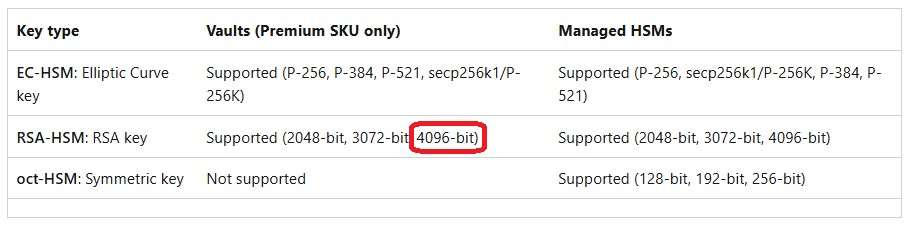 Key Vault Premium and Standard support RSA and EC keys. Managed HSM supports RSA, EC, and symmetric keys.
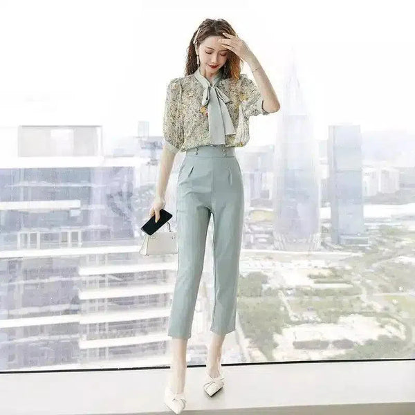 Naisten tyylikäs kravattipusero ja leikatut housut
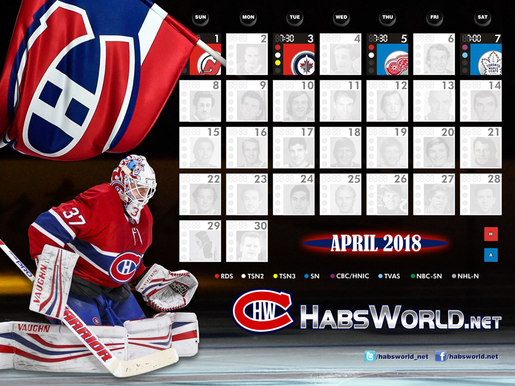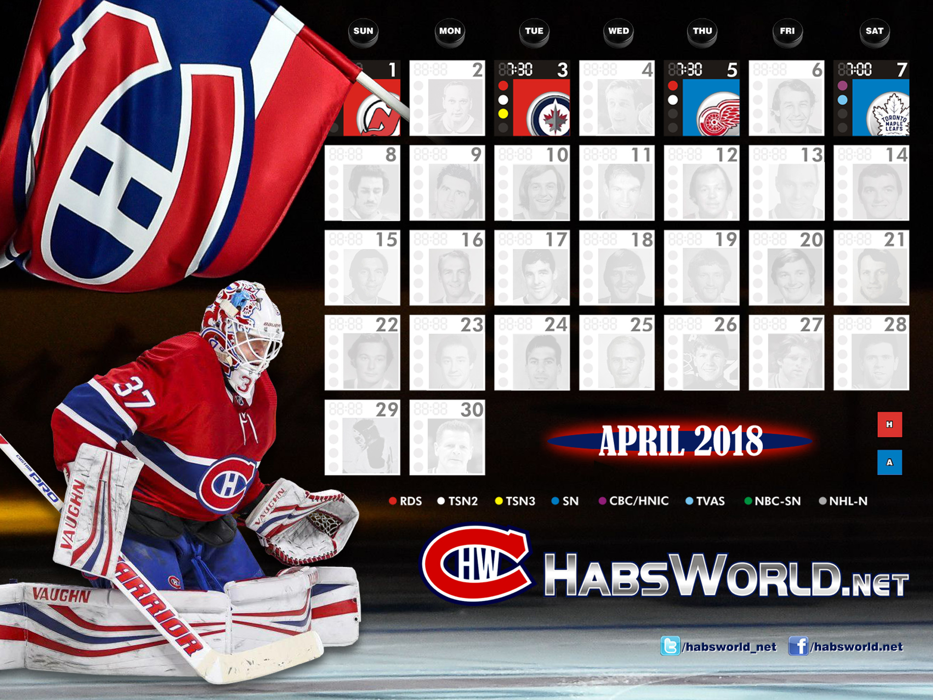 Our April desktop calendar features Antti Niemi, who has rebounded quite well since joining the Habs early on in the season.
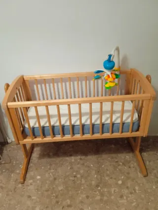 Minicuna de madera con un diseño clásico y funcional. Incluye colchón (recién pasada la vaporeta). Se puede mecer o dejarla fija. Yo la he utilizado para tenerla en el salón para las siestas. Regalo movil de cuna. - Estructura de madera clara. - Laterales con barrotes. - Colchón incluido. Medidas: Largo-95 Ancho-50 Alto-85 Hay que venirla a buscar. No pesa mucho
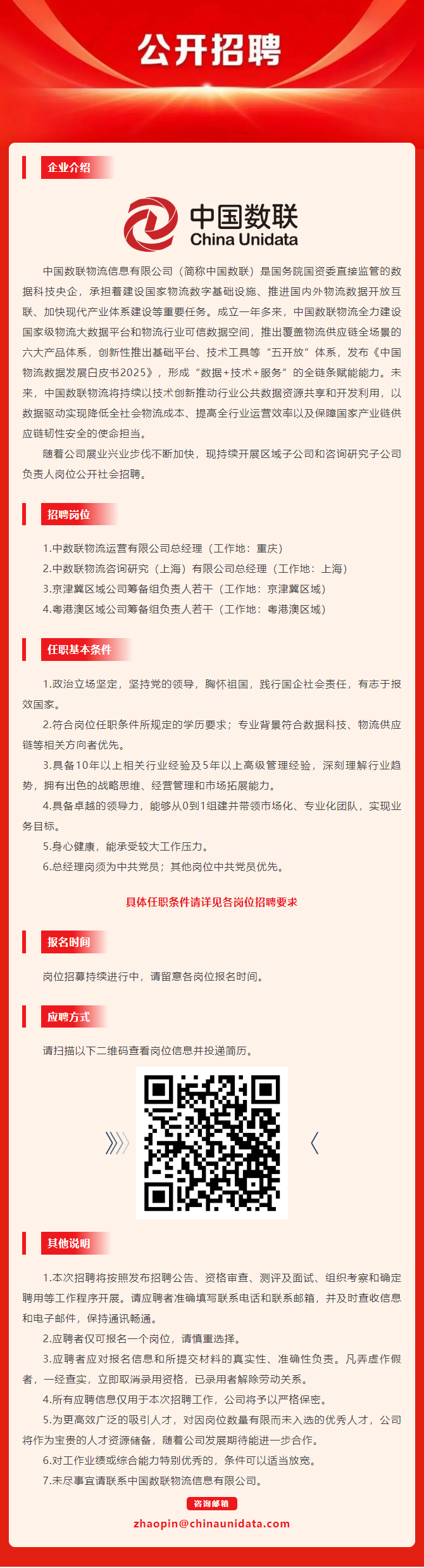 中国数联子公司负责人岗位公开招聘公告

# Task brief
Once the pictures are set aside, give the rest of the material again unchanged.

# Task result
 Key Vault Premium and Standard support RSA and EC keys. Managed HSM supports RSA, EC, and symmetric keys.
 Naisten tyylikäs kravattipusero ja leikatut housut
 Our April desktop calendar features Antti Niemi, who has rebounded quite well since joining the Habs early on in the season.
 Minicuna de madera con un diseño clásico y funcional. Incluye colchón (recién pasada la vaporeta). Se puede mecer o dejarla fija. Yo la he utilizado para tenerla en el salón para las siestas. Regalo movil de cuna. - Estructura de madera clara. - Laterales con barrotes. - Colchón incluido. Medidas: Largo-95 Ancho-50 Alto-85 Hay que venirla a buscar. No pesa mucho
 中国数联子公司负责人岗位公开招聘公告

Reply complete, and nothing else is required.